A leitura que os partidos fazem sobre o discurso em que Marcelo Rebelo de Sousa arrasou João Galamba mas afastou a dissolução do Parlamento está longe de ser unânime. Se o PSD se mostra em sintonia com o Presidente da República, o resto da direita queria que Marcelo tivesse ido mais longe. E, do lado esquerdo do espetro político, se o PS escolheu ficar em silêncio, o PCP exigiu mudanças de políticas e o Bloco criticou Presidente e primeiro-ministro.

O secretário-geral do PSD, Hugo Soares, trouxe a mensagem de maior harmonia com o Presidente da República, até porque o partido tem defendido que não vai pedir eleições precisamente para responsabilizar o Governo por qualquer situação de instabilidade que aí venha. Por isso, se a ameaça da dissolução se vier a concretizar, para os sociais-democratas será “única e exclusivamente” culpa do Governo — nem do Presidente, nem do PSD. Convicto de que o Governo está diminuído na sua “autoridade” e “credibilidade”, o PSD revê-se, assim, na conclusão de Marcelo: é mesmo preciso um “reforço da vigilância” sobre o Executivo.

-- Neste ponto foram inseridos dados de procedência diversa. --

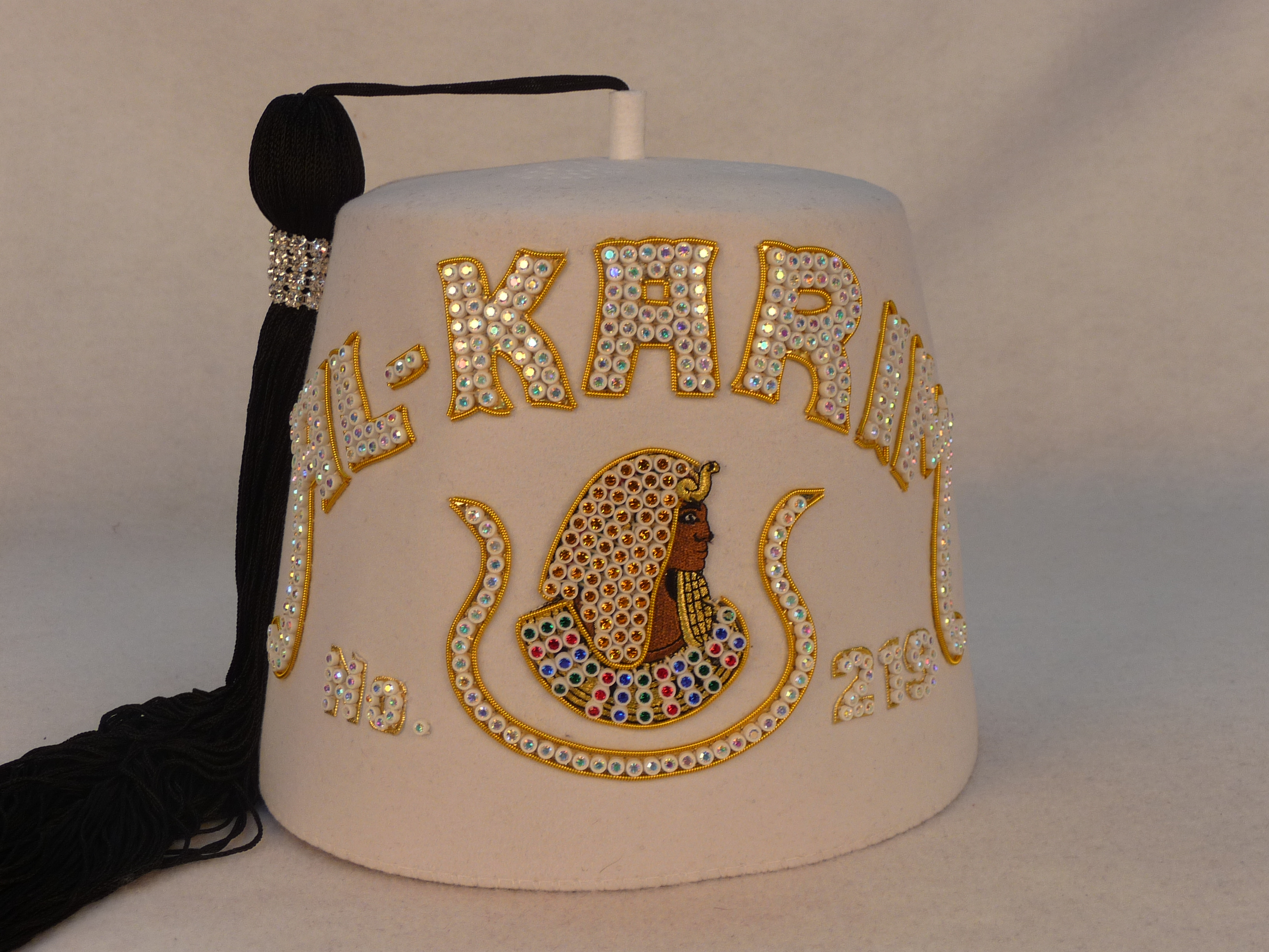 Double row Daughters of Imperial Court jeweled fez with your court name. This fez includes a 24" tassel and has 4 rows of rhinestone banding, stitched down at the top of the tassel. Also included is a white fez stiffener. The fez body is 100% white felt with a ventilated top. This fez is available with AB plastic back or crystal metal back rhinestones. The price also includes your court number and the rhinestone Daughters head emblem.
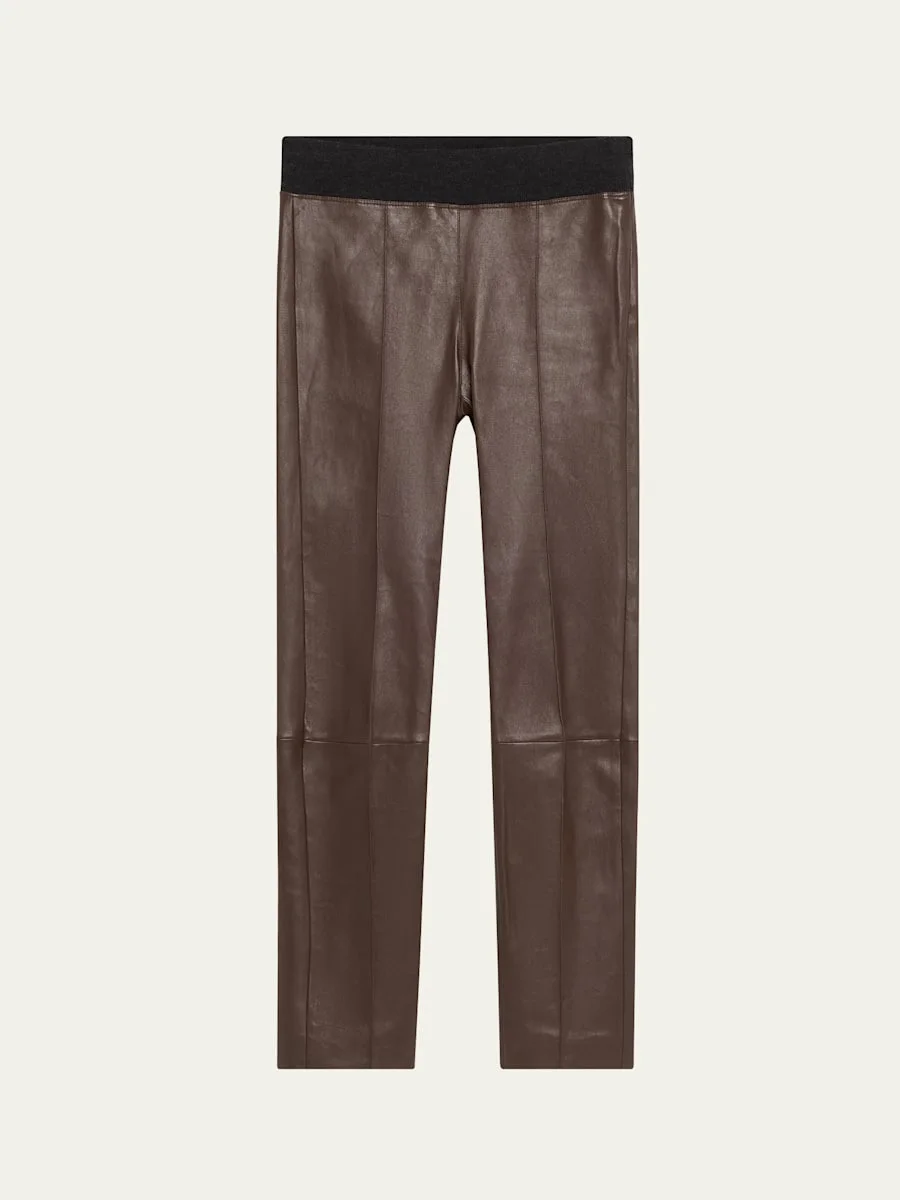 Brunello Cucinelli lamb leather stretch leggings with front seams Elasticized waistband Cropped at the ankle High rise Skinny legs Stepin style Leather/cashmere/elastane Lining: Polyester/acetate Made in Italy

Mais à direita, a análise foi diferente: tanto Chega como Iniciativa Liberal desejavam que Marcelo recorresse à “bomba atómica” e dissolvesse o Parlamento. Do lado do Chega, o líder parlamentar, Pedro Pinto, mostrou-se satisfeito com o “arraso” do “acabado” João Galamba, mas criticou Marcelo por confiar em quem não é confiável — António Costa, no entender do Chega — e por não ter “terminado hoje mesmo com este Governo”.

Do lado da Iniciativa Liberal, o tom foi parecido: apesar da “avaliação arrasadora” de Marcelo, não houve consequência prática, lamentou-se. Ou melhor, houve, mas para o próprio Presidente: “O Presidente da República amarrou a avaliação deste seu mandato aos próximos tempos de António Costa. São ambos corresponsáveis por tudo o que vier a acontecer”.

PUB • CONTINUE A LER A SEGUIR

À esquerda, nem Costa nem Marcelo receberam palavras de apoio. O PCP continuou a insistir que o Presidente e o Governo devem focar-se na “resposta aos problemas” dos portugueses, em vez de os “aproveitarem” para “evitar” soluções necessárias.

Pelo Bloco de Esquerda, Mariana Mortágua anunciou que fica claro que nem Governo nem Presidente são confiáveis para “apresentar as soluções que os portugueses esperam” — e Marcelo está “enredado numa maioria absoluta arrogante e prepotente”. Para o Bloco, só há duas soluções: a “fiscalização” que promete fazer e as “mobilizações populares” que podem impor medidas à maioria absoluta.

Rui Tavares, do Livre, lamentou que o Governo pareça estar tomado pela “partidarite” e “amaldiçoado” pela sua própria maioria absoluta, mas também que Marcelo não tenha chamado os partidos para serem ouvidos em Belém. Já Inês Sousa Real, do PAN, queria que o Presidente tivesse exigido a Costa uma remodelação, porque um “ralhete” não basta.

O único partido que ficou em silêncio foi aquele a quem o tal “ralhete” foi dirigido: o PS não reagiu esta noite, nem deu indicações de que o pretende fazer no futuro.